GIVEN INFORMATION.
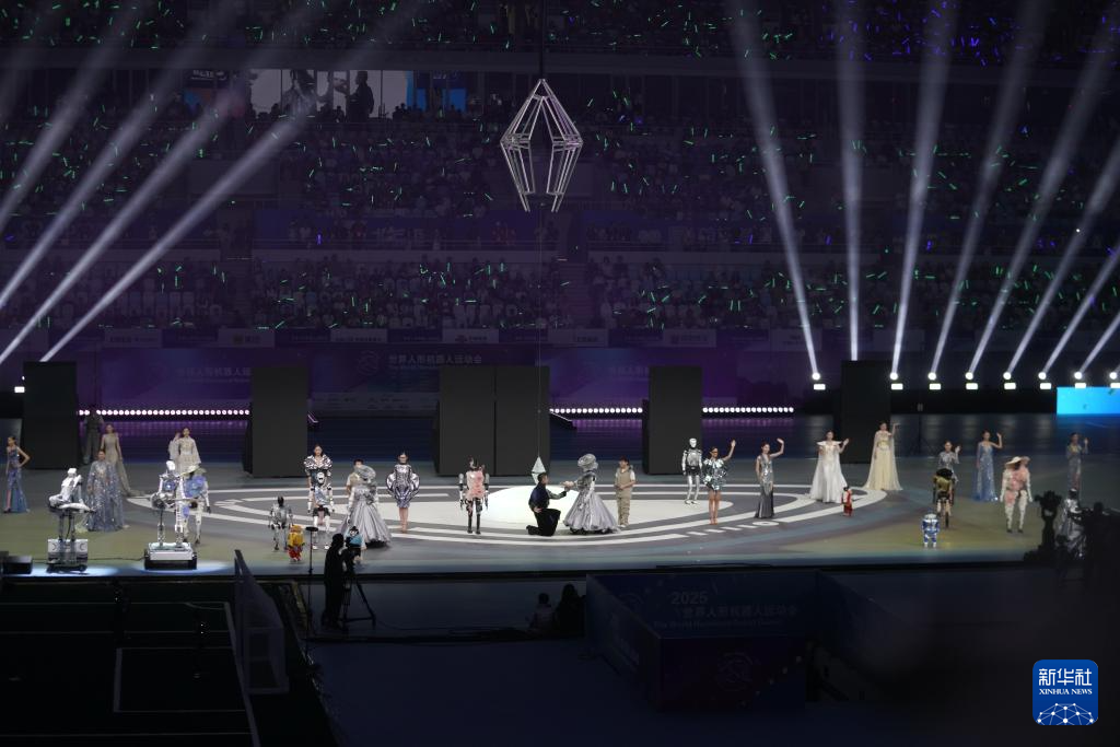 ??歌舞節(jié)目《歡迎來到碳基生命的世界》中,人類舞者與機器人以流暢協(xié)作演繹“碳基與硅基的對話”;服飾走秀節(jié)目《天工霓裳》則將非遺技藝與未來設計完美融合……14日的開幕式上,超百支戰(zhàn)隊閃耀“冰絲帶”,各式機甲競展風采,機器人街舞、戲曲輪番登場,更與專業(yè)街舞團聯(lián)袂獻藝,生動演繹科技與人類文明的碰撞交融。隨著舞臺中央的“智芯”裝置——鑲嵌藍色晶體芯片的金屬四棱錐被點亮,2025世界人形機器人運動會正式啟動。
---
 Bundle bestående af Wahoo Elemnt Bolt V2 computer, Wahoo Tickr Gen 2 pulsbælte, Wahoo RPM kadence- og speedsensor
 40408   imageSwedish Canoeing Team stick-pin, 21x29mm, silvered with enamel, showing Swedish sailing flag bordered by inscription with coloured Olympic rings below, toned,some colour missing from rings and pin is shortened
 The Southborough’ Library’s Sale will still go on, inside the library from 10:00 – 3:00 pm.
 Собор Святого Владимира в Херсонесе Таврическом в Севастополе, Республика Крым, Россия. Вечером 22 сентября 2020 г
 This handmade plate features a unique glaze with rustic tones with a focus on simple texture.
---
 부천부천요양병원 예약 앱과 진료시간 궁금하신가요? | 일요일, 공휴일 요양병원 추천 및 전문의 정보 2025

ACTION ITEM. Everything from the line with "The Southborough’ Library’s" through the line with "This handmade plate" in the listing above must be retyped exactly, with nothing added.

RESPONSE AREA.
 The Southborough’ Library’s Sale will still go on, inside the library from 10:00 – 3:00 pm.
 Собор Святого Владимира в Херсонесе Таврическом в Севастополе, Республика Крым, Россия. Вечером 22 сентября 2020 г
 This handmade plate features a unique glaze with rustic tones with a focus on simple texture.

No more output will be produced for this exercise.